YOUR ASSIGNMENT>
Transcribe the listing underneath, keeping each word exact and omitting the images.

THE DATA>
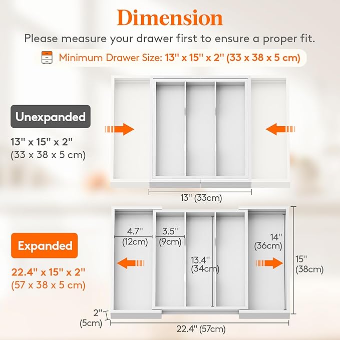 - Expandable Design: Expandable from 3 to 5 slots, measures 13" x 15" x 2" (33 x 38 x 5 cm) when folded and expands to 22.4" x 15" x 2" (57 x 38 x 5 cm); fitting drawers 13'' to 22.4''(33-57 cm) wide
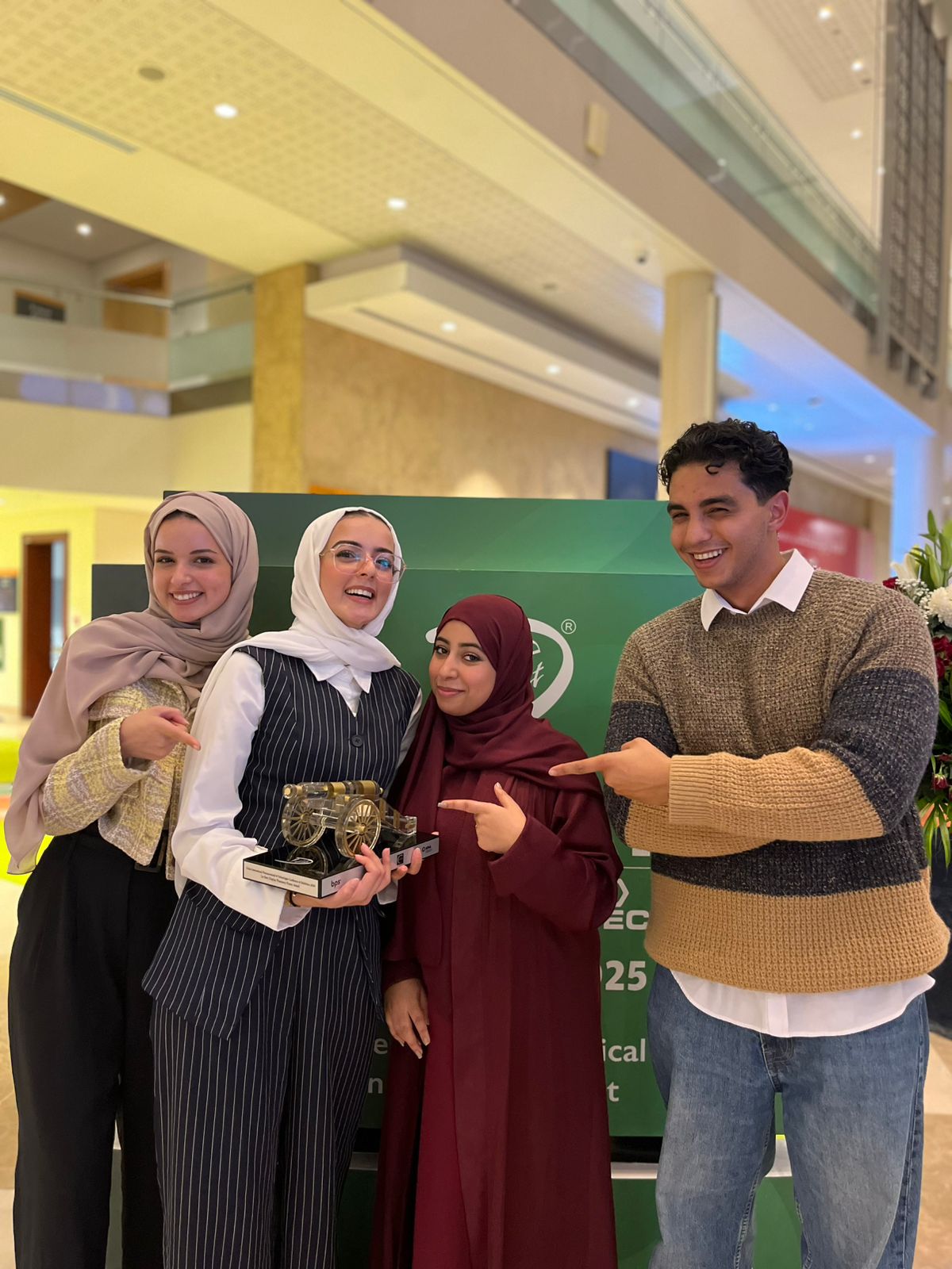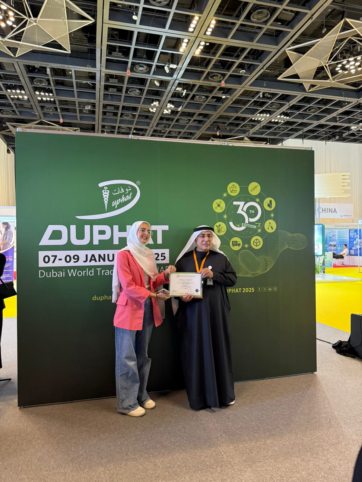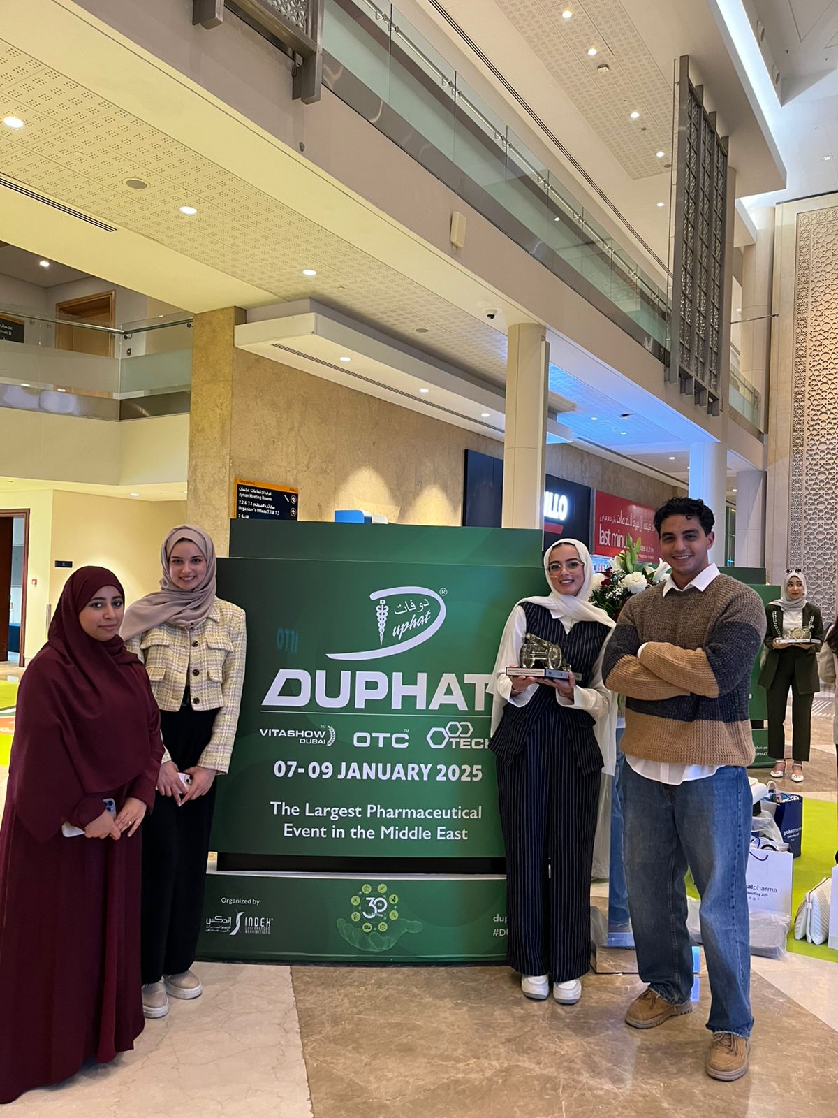 A research team from The College of Pharmacy and Health Sciences has been awarded First Place in the Display category at the prestigious DUPHAT 2025 Student Poster Competition for their study, “The Role of Gut Microbiota in Enhancing Colorectal Cancer Immunotherapy Efficacy.” The team consisted of the students Hana Mohamed, Doaa Al-Alimi, Maryam Hamed and Laith Badwan and supervised by Professor Abeer AlGhananeem, Dean of the College of Pharmacy and Health Sciences.
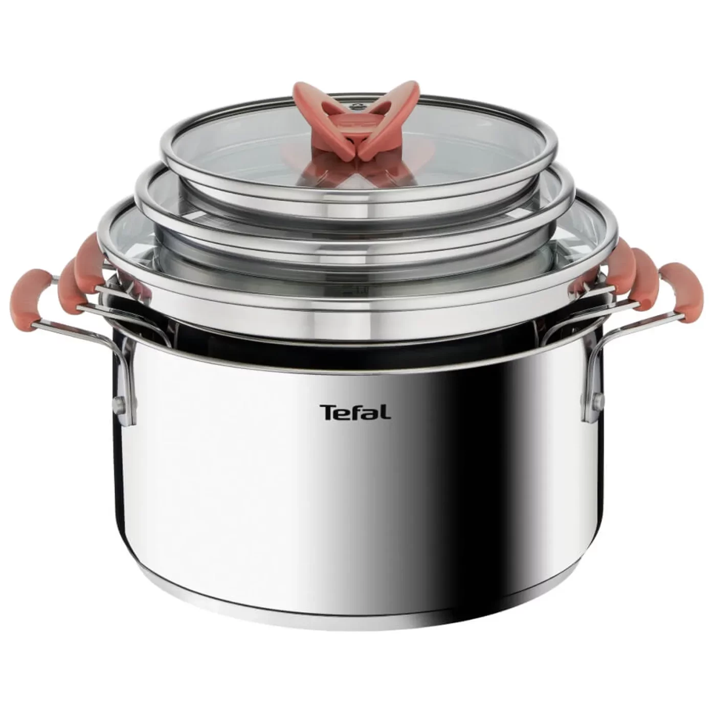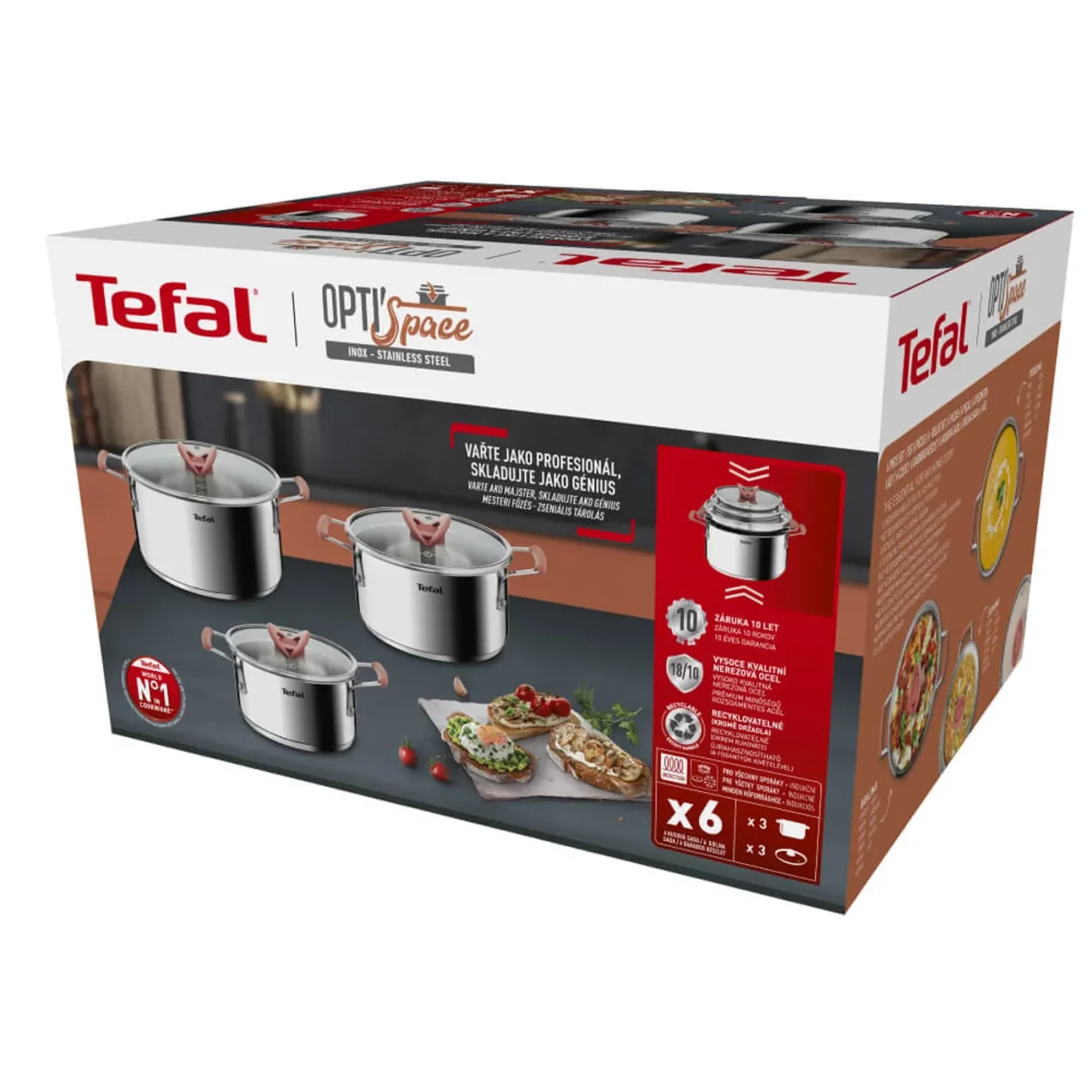 Set 6 piese Tefal Opti'Space G720S674, Cratita 18cm, Oale 20/24cm, Inox, Inductie
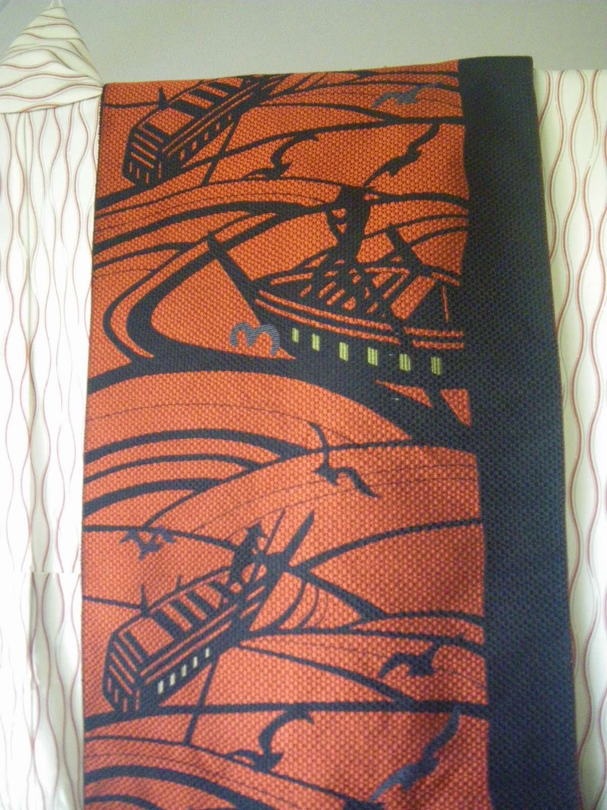 写真は最初のパーティーで〆た、山と波の抽象模様の染め帯。風景に合っているでしょう? でもこの帯よりよっぽどウケたのは、袖丈の合わない羽織を着るのに、着物の袖を端折って着物クリップで留めてたことかな。

YOUR RESPONSE>
 - Expandable Design: Expandable from 3 to 5 slots, measures 13" x 15" x 2" (33 x 38 x 5 cm) when folded and expands to 22.4" x 15" x 2" (57 x 38 x 5 cm); fitting drawers 13'' to 22.4''(33-57 cm) wide
 A research team from The College of Pharmacy and Health Sciences has been awarded First Place in the Display category at the prestigious DUPHAT 2025 Student Poster Competition for their study, “The Role of Gut Microbiota in Enhancing Colorectal Cancer Immunotherapy Efficacy.” The team consisted of the students Hana Mohamed, Doaa Al-Alimi, Maryam Hamed and Laith Badwan and supervised by Professor Abeer AlGhananeem, Dean of the College of Pharmacy and Health Sciences.
 Set 6 piese Tefal Opti'Space G720S674, Cratita 18cm, Oale 20/24cm, Inox, Inductie
 写真は最初のパーティーで〆た、山と波の抽象模様の染め帯。風景に合っているでしょう? でもこの帯よりよっぽどウケたのは、袖丈の合わない羽織を着るのに、着物の袖を端折って着物クリップで留めてたことかな。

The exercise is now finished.